Откуда у матери столько сил, чтобы выскоблить стол? За белый выскобленный стол она будет держаться до последнего.
«Пока свет в глазах не померкнет…»
Руки у матери покрасневшие, в трещинках. Вижу, они застыли на столе в ожидании. Сидя за выскобленным матерью столом, чувствую какую-то неловкость. Под конец не знаю, куда мне деваться. Хоть сейчас вставай и отправляйся в Ригу. Нет, это мальчишество, буду сидеть с ними сегодня, пока сами не отпустят. Они поднимутся из-за стола, тогда встану и я.
Господи, ведь я люблю этого долговязого, измученного болезнью старика!
Внезапная и запоздалая провиденция… Объясни, пожалуйста, милый, значение слова «провиденция»? Откуда оно ко мне прилипло? Это нечто вроде прозрения?
Сыновняя любовь к отцу… До слез больно, что она пришла так поздно.
«Ни в какие ворота не лезет!»
Очки у него сползли на самый кончик носа, смотрит на меня стариковскими вылинявшими глазами.
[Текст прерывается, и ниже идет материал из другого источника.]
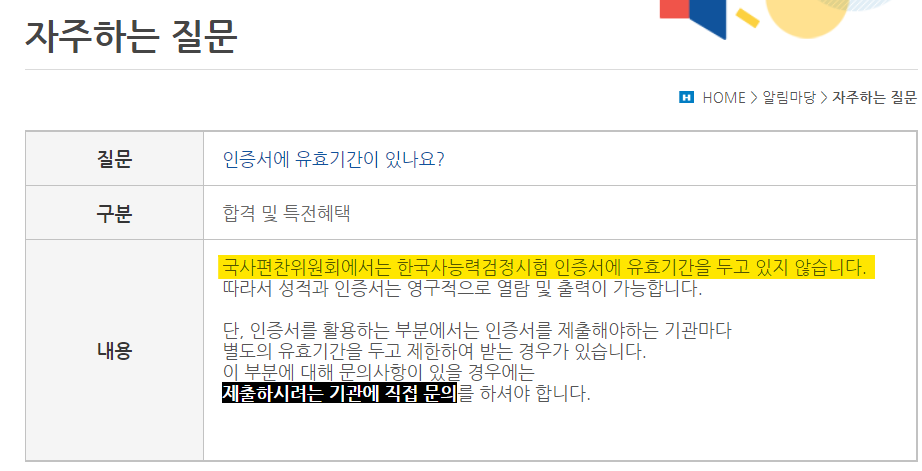 그렇다면, 이렇게 뜨는데요. 국가편찬위원회에서는 한국사능력검정시험 인증서에 유효기간을 두고있지 않다고 뜨는데요, 제출하는 기관별로 유효기관이 다르다고하니 아래의 내용을 참고해주세요. 각기관별로 유효기간이 다르기에 직접 전화로 알아보셔야 하는데 제가 한번 정리해봤습니다.

А ведь таким когда-то был молодцом.
— Мне всегда легко, потому что умею жить без оглядки! — говаривал он частенько. — Не было счастья, так несчастье помогло: мельница сгорела, теперь, пожалуй, с чистой совестью могу в колхоз записаться!
Если бы он мог жизнь повернуть вспять и начать все заново от той самой точки? Дал бы он Балиню мешок муки?
Мать уверяет: вся хворь и прочие напасти у отца начались с того погорельного дня. «В тот день» у него все внутри заледенело. Потом оттаивал с помощью водки.
Глупости, человек сильнее, чем сам о себе думает!
Человек хрупок, как тростинка, вмиг переломится, если грубо прикоснуться…
Можно ли сломить человека, словно прутик на дороге?
Надавил — и нет его, подавай следующего!
Человеку велели заложить руки за голову и встать к стенке. Жаждой измученный африканец, голодом измученный… Ежеминутно рождаются, умирают, с жестокостью убивают и в муках рождают — в стерильных клиниках, в хижинах из пальмовых листьев, в сумрачных крестьянских избах, в юртах, на кораблях посреди океана…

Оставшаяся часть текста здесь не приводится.